Data extracted from a collection:
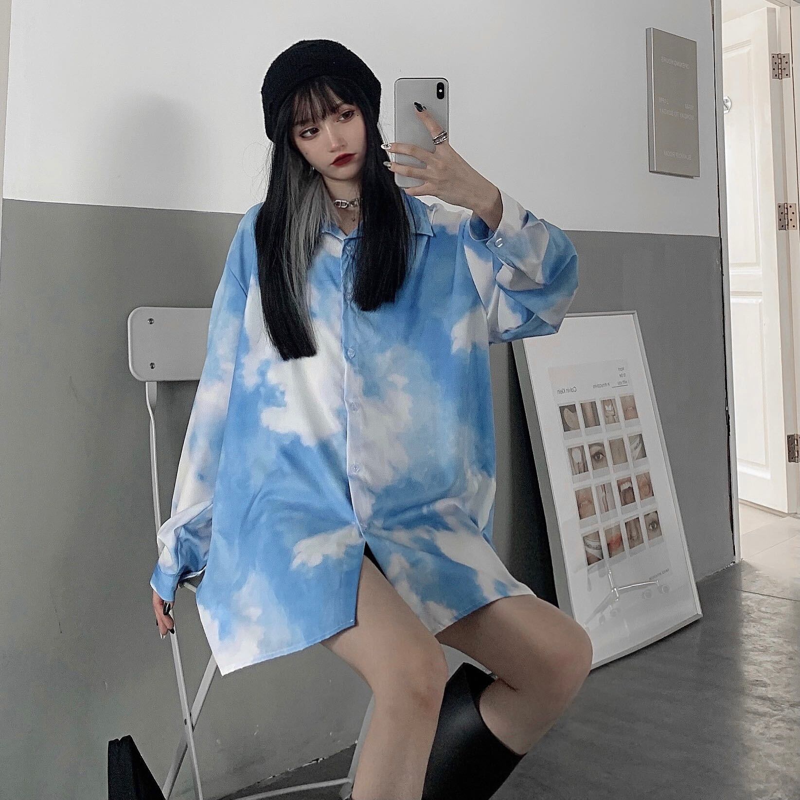 スプリング秋物韓国ファッショントレンドスタンダードブルーホワイトシャツ ルーズカジュアルジャケット レディース ロング レトロ 春物 オータム スタイル 長袖 Studios34298082594 | pLegLad Studios
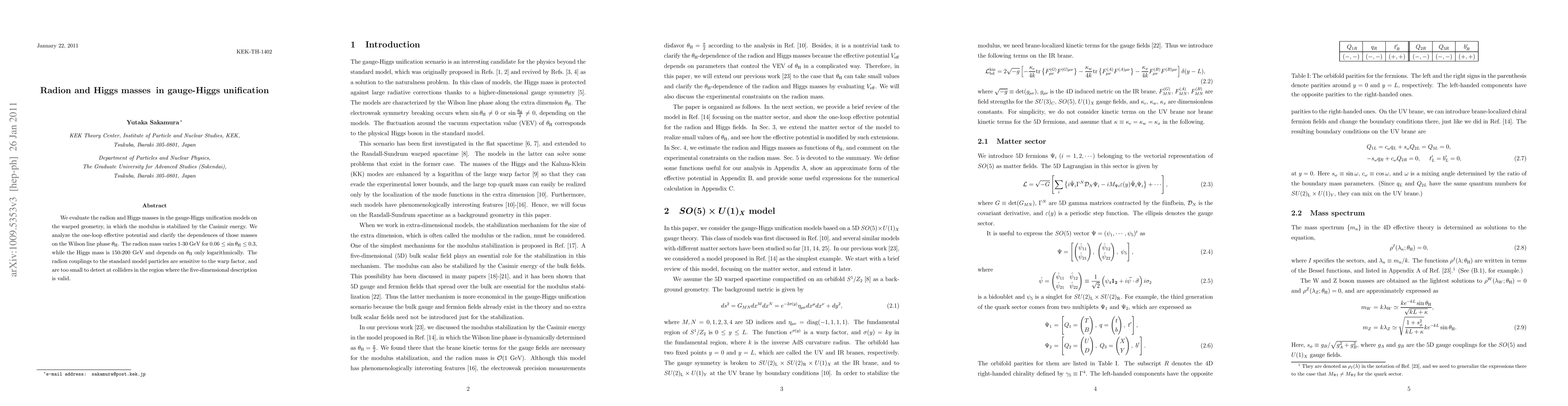 This paper evaluates radion and Higgs masses in gauge-Higgs unification models on warped geometry, finding radion masses between 1-30 GeV and Higgs masses between 150-200 GeV, both dependent on the Wilson line phase $\theta_H$. The radion's weak coupling to standard model particles makes it undetectable at colliders.
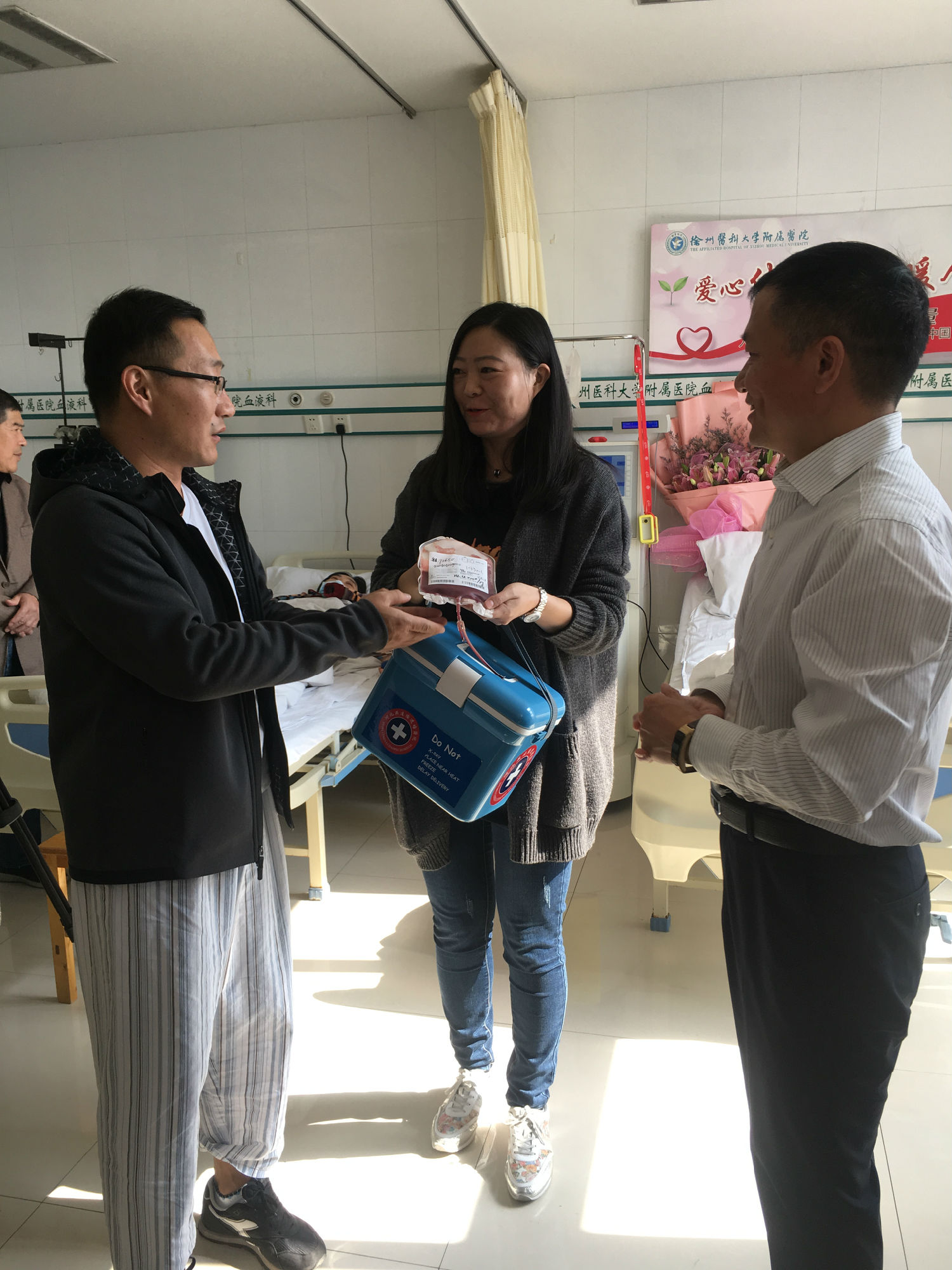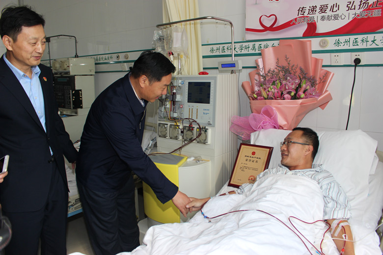 自7月底接到通知的這段時(shí)間,鄭剛一直積極配合著,希望保持最佳的身體狀態(tài)進(jìn)行捐獻(xiàn)。他努力克制自己,戒煙戒酒,鍛煉身體,增加高營(yíng)養(yǎng)的飲食調(diào)理。喝不慣牛奶的他甚至強(qiáng)迫著自己一天喝兩包奶。國(guó)慶節(jié)幾天,他突然感冒發(fā)低熱,竟忍著沒敢吃藥……鄭剛所在的單位也給予了大力的支持和配合,10月25日入院,徐州公交為他舉辦了隆重的歡送儀式,董事長(zhǎng)、總經(jīng)理杜紅軍等領(lǐng)導(dǎo)給他送來了慰問金,安排好他的休息時(shí)間。
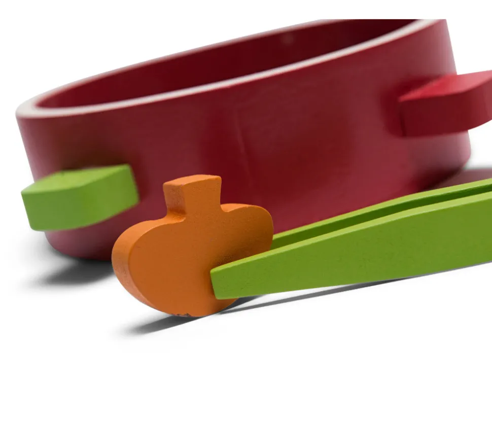 Jeu en bois Veggie Wok. Un superbe jeu de motricité fine. Lancez le dé et attrapez un légume de la couleur correspondante dans la grande casserole grâce à une pince. Vous devez le déposer délicatement à sa place sur votre assiette. Attention de ne pas le faire tomber, il ne faudrait pas gaspiller la nourriture ! De 2 à 4 joueurs à partir de 4 ans. Pour les débutants, les enfants peuvent d’abord s’exercer sans le couvercle à fil pour plus de facilité. Un joli jeu pédagogique tout en bois qui donne envie aux enfants de jouer.
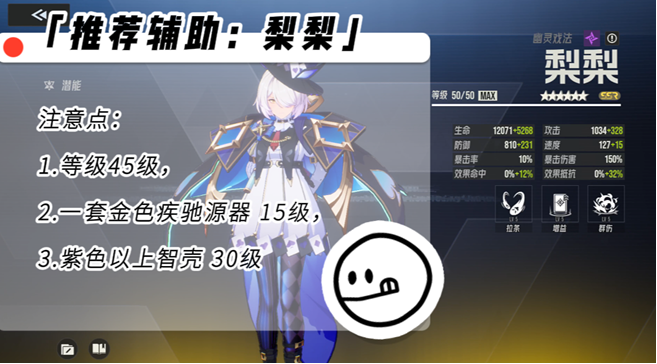 那么开始考虑配队,首先是我们的主要输出单位 谛听+自己的另一个光暗主C(或者你养的另一个主c),剩下两个辅助位置,这边推荐梨梨和蟒蛇/黛纳,或者还有一个多段攻击很多的 炀-异-水系(但是很少有人练)

**EXERCISE BRIEF:**
No pictures should appear in the copy. Reproduce exactly the lines from the line containing "Jeu en bois" through the last line of the data, inclusive.

**ANSWER BOX:**
 Jeu en bois Veggie Wok. Un superbe jeu de motricité fine. Lancez le dé et attrapez un légume de la couleur correspondante dans la grande casserole grâce à une pince. Vous devez le déposer délicatement à sa place sur votre assiette. Attention de ne pas le faire tomber, il ne faudrait pas gaspiller la nourriture ! De 2 à 4 joueurs à partir de 4 ans. Pour les débutants, les enfants peuvent d’abord s’exercer sans le couvercle à fil pour plus de facilité. Un joli jeu pédagogique tout en bois qui donne envie aux enfants de jouer.
 那么开始考虑配队,首先是我们的主要输出单位 谛听+自己的另一个光暗主C(或者你养的另一个主c),剩下两个辅助位置,这边推荐梨梨和蟒蛇/黛纳,或者还有一个多段攻击很多的 炀-异-水系(但是很少有人练)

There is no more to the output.